実は私、2年前から、「青少年交友協会」という公益法人(社団法人)の理事についており、その理事会に出席するためだ。
理事長の森田勇造氏(70)とは、私が平成9年、警察庁少年課理事官として、少年非行問題に取り組んでいたとき以来のお付き合い。
地域・家庭の教育力を高めることに熱意を燃やす氏の考え方に意気投合し、さらに、世界の遊びの伝承、自然との交流などを実践する氏の活動に敬服し、力不足を承知の上で、理事をお引き受けした。
また、この協会は、これまで40年にわたり、毎年、新宿~青梅43㌔の「カチ歩き大会」(参加者1500人)を主催していることでも知られている。
私は、このような活動は、世の中の不透明感が増す中、将来の発展を「ヒトづくり」に頼らざるを得ない現在のわが国には、絶対に必要なものと確信している。
そんな協会の活動が、今、危機に瀕している。

原因は、民主党政権の「事業仕分け」だ。
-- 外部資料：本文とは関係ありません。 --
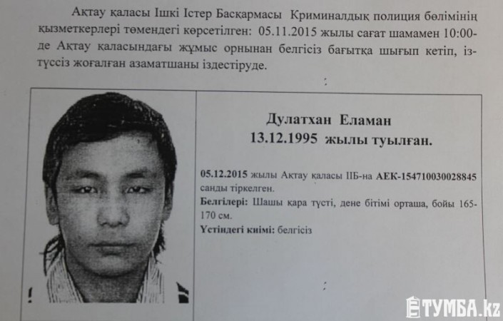 Разыскивать сына из Павлодара приехал его отец Жанат Даулатхан. Он рассказал, что его сын, Еламан Даулатхан, родившийся 13 декабря 1995 года, служил в морской пехоте. В Актау он снимал квартиру. В последний раз его видели 5 ноября 2015 года. С тех пор родители ничего не слышали о сыне. С заявлением о пропаже они обратились в УВД города Актау.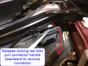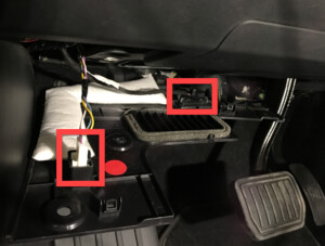 Note3x tabs, 1x Ethernet connector, 1x puddle light connector, APAC specific vehicles an additional ODII connector will have to be disconnected
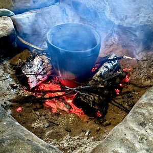 火起こし、黒曜石での調理、土器での煮込み料理。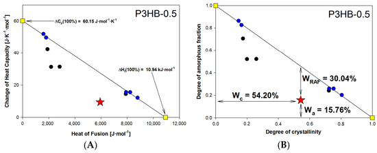 - Czerniecka-Kubicka, A.; Zarzyka, I.; Pyda, M. Advanced analysis of poly(3-hydroxybutyrate) phases based on vibrational heat capacity. J. Therm. Anal. Calorim. 2017, 127, 905–914. [Google Scholar] [CrossRef][Green Version]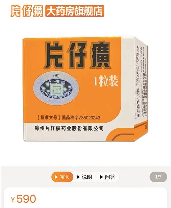 在线上,在片仔癀大药房旗舰店,该药同样货源充足,价格与线下相同。不过,在非旗舰店,价格有所波动,单粒片仔癀价格在590元至720元之间,但均未像去年那样突破千元。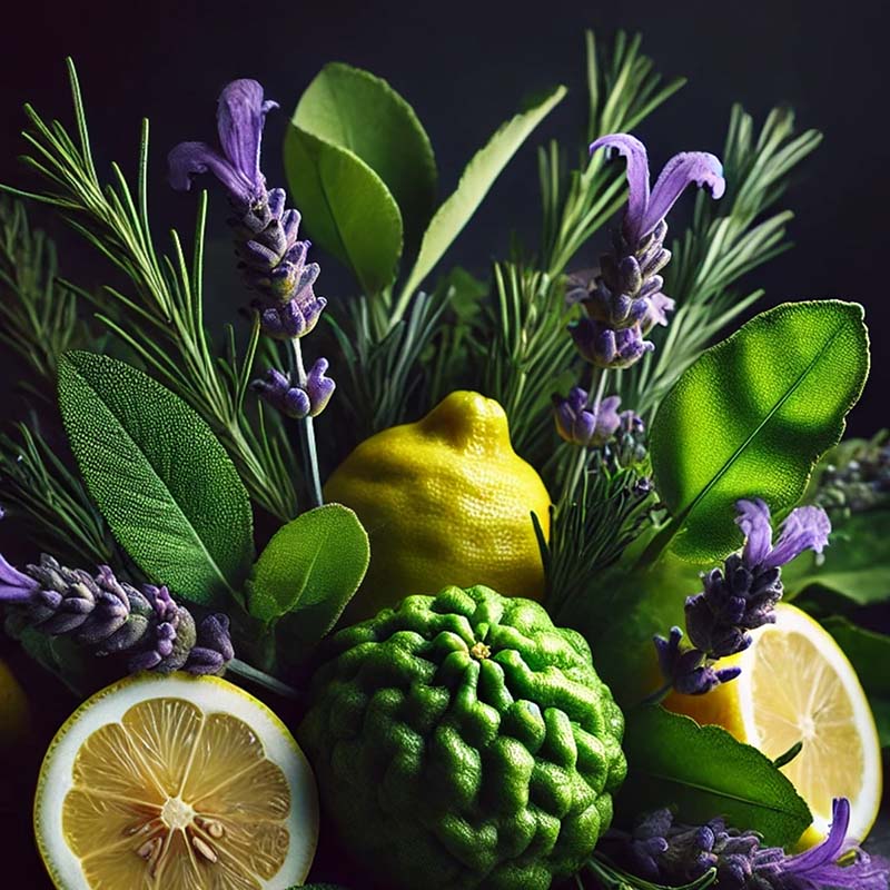 - Topnoter: Bergamotte og citronblade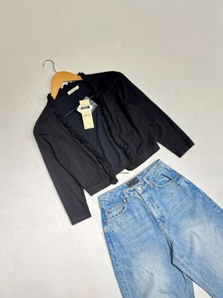 Elegante chaquetita negra con un delicado detalle de volantes. - Diseño corto y moderno. - Manga larga. - Cierre frontal abierto.
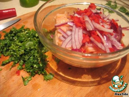В миске смешиваем маринованное филе лосося, перец чили, лук, кинзу, заправляем солью и черным молотым перцем, по вкусу.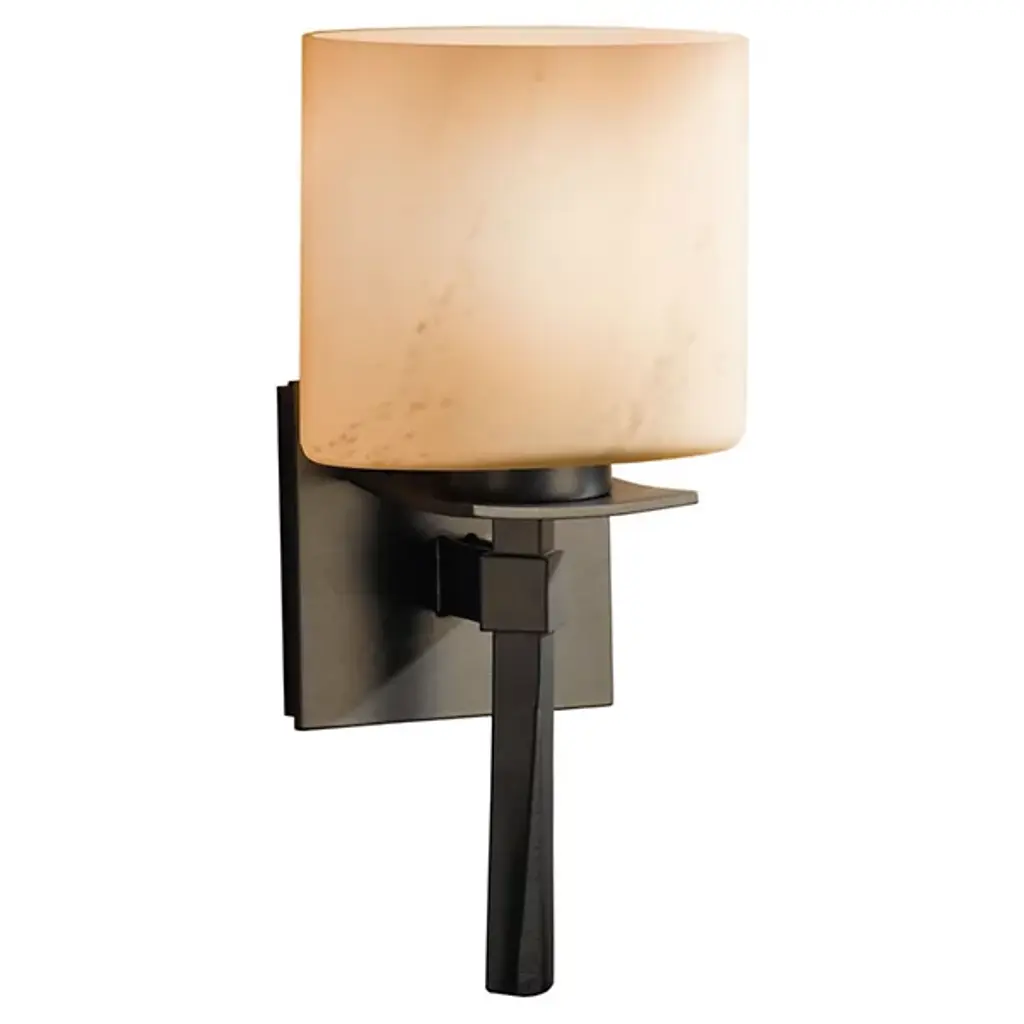 If this handsome piece had not been designed to be mounted to a wall, it would make for the most fashionable modern torch ever assembled. The Beacon Hall Wall Sconce No. 204820 from Hubbardton Forge features a gentle opaque lamp shade with a protruding hand-forged asymmetrical metal stem long enough to hold, all framed by a square mount with a similar finish. Incandescent bulbs filtered through its soft cylindrical lampshade help produce a golden ambient light. It is an excellent piece for framing large mirrors, artworks, or accompanying doorways.

私たち青少年交友協会は、その事業の一環として、毎年、「親子野外生活体験」という事業を実施してきた。
事業の趣旨などを説明するよりも、昨年、東京の五日市青少年旅行村(バンガロー泊)で開催された生活体験のスケジュールを掲げた方が理解しやすいと思う(50家族、150人)。
日程
1日目5月3日(祝)
10:00 集合
10:30 開講式、諸注意
11:00 備品・食材・ブロック・薪の配給
11:15 かまどづくり、火吹き竹づくり、火の燃やし方
11:45 昼食づくり
13:30 たけのこ堀り
15:30 道具づくり(竹箸・竹串づくり)
17:00 夕食づくり: ご飯の炊き方、みそ汁、野外鍋料理
20:00 懇親会(家族紹介)、星空観察
22:00 就寝
2日目5月4日(月)
6:30 自然観察(希望者)①地域踏査②野鳥観察
7:00 起床
7:30 朝のつどい
7:45 朝食づくり(筍ご飯)
9:00 自由時間(お手玉、パチンコ)
11:30 記念撮影
12:00 昼食
13:00 野草摘み
14:30 川遊び、ますのつかみ取り・さばき方と串焼き
17:00 夕食づくり(野草の天ぷら)
20:00 花火と大焚き火
21:00 大人の懇親会(児童就寝)
23:00 就寝
3日目5月5日(祝)
7:00 起床
7:30 朝食づくり
9:00 竹とんぼづくりと競技会
11:00 昼食づくり(手打ちそば)
13:00 後片付け、撤収、清掃
14:30 閉講式
15:00 現地解散

ただ、この種の事業、指導者への謝金など、「教育」部分に必要な費用も含めて、参加者から実費をいただこうとすれば、どうしても、通常の旅行代金と比べれば、高くついてしまう。
一定の参加者を確保できなければ、社会教育活動の意味もないわけで、参加者にご負担いただく費用は、どうしても、宿泊費と食費程度となってしまう。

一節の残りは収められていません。